ArrowSpace Performance Analysis: 100K Dimensions on Dorothea

Summary: arrowspace is quite fast at building graphs also in high-dimensional scenarios, in particular considering its early stage of development (paper and codebase were published in September 2025). Rayleigh confirms itself as a good proxy for epiplexity. Relevant critical points are raised against normalising raw input for this class of algorithms. Rayleigh-based score provides a computationally cheap proxy for “how much an item deviates from learned structure”, which is operationally useful for active learning and OOD detection in RAG systems.

arrowspace successfully scaled to 100,000-dimensional data, processing 800 samples from the Dorothea biomarker dataset in 41-110 seconds with >600× memory compression (610 MB → 1 MB). The system achieved 5-22% graph density (mean: 11.7%) through 648 parameter sweep experiments, with 24% of configurations reaching >10% density in under 60 seconds.

This is a good step forward for Graph Wiring and the potential AI Memory Layer that will provide next-gen tools for AI engineering and AI operations at scale.
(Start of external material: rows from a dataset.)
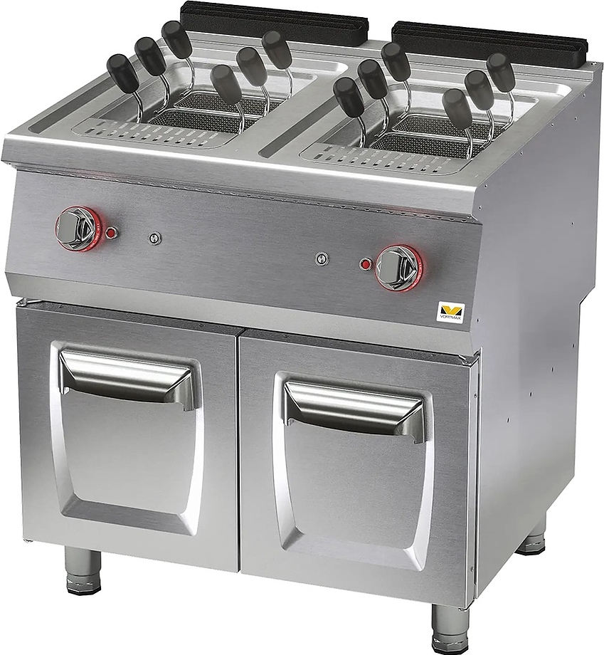 Макароноварка Vortmax SGP 78, газовая предназначена для быстрого и эффективного приготовления макаронных изделий в заведениях с высокой загрузкой: ресторанах, кафе, столовых и фастфуд-сетях. Модель оснащена двумя ваннами по 13 литров, каждая из которых укомплектована тремя корзинами для одновременного приготовления разных видов пасты. Газовая система нагрева обеспечивает быстрый выход на рабочую температуру и равномерный нагрев воды.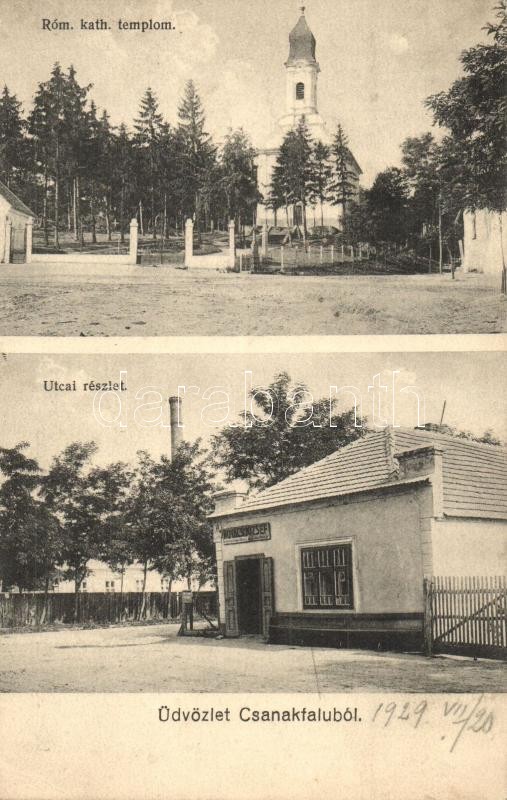 Csanakfalu, Ménfőcsanak (Győr); Római katolikus templom, utca, Kovács József üzlete és saját kiadása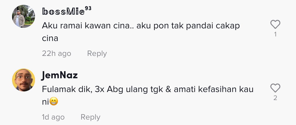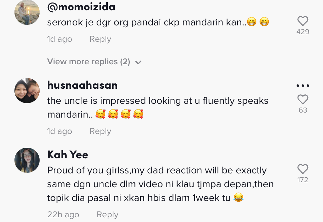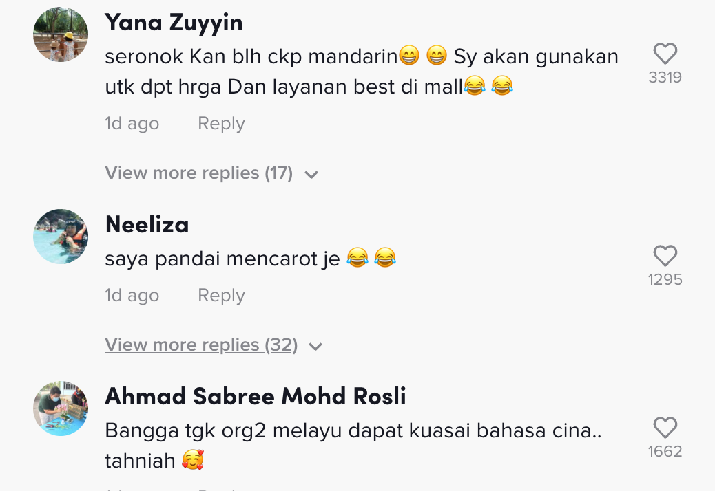 "Bangga tengok orang-orang Melayu dapat kuasai bahasa Cina. Tahniah" – Netizen

Computational Pipeline and Bottlenecks

The ArrowSpace pipeline consists of four stages with vastly different costs:

Johnson-Lindenstrauss Projection (34% of runtime): Reduces 100k features to 53-104 dimensions depending on error tolerance ε. At ε=0.7, compression reaches 1887× (53 dims) with 46.3s build time and 15.4% density. At ε=0.5, compression is 962× (104 dims) with 82.3s build time and 8.2% density. The correlation between JL dimension and build time is r=0.845, indicating strong sensitivity .

Incremental Clustering (3% of runtime): Operates on JL-reduced space, forming 2-100 centroids (target: 25). Only 27% of runs achieved exactly 25 clusters, with radius parameter showing r=-0.46 correlation to cluster count. Higher compression (ε=0.7) destabilized clustering, reducing full-clustering rate to 25% vs 30.6% at ε=0.5 .

Laplacian Construction (<1% of runtime): Builds sparse feature-space Laplacian from centroid transpose, enforcing the critical invariant Manifold = Laplacian(Transpose(Centroids)). Logs confirm “Building Laplacian from 25 centroids × 214 features” producing 214×214 matrices with 1,164-4,690 non-zeros (mean: 2,741). Construction time: <100ms, negligible at this scale.

TauMode Computation (62% of runtime, critical bottleneck): Computes Rayleigh quotient λᵢ = xᵢᵀLxᵢ/‖xᵢ‖² for each item using original 100k features, not JL-reduced space. Throughput: 27 items/sec on 6 threads, yielding 33s ± 11s for 800 items . This stage cannot be accelerated by JL projection because it requires spectral fidelity on the full feature manifold.

All data and logs are available in this repo.

Session 004: Parameter sweeping on sparse representation

Parameter Impact

lambda_k (k-NN connectivity) strongly correlates with density (r=0.784) but has zero impact on build time (r=0.004) :

λ_k=20: 1,698 edges, 7.3% density
λ_k=30: 2,560 edges, 11.0% density
λ_k=50: 3,935 edges, 16.8% density ★

All three run in ~63s because taumode dominates regardless of graph structure .

Optimal Configurations

Speed champion (Exp 210): k=25, jl_ε=0.7, λ_k=50, λ_eps=3.0, radius=3.0 → 41.0s, 22.0% density, 19 clusters, 2,666 edges. Fastest configuration achieves highest density but under-clusters. Parameter interpretation: aggressive JL compression (53 dims), maximum k-NN connectivity, moderate epsilon-ball (minimal impact observed), large merge threshold causing under-clustering.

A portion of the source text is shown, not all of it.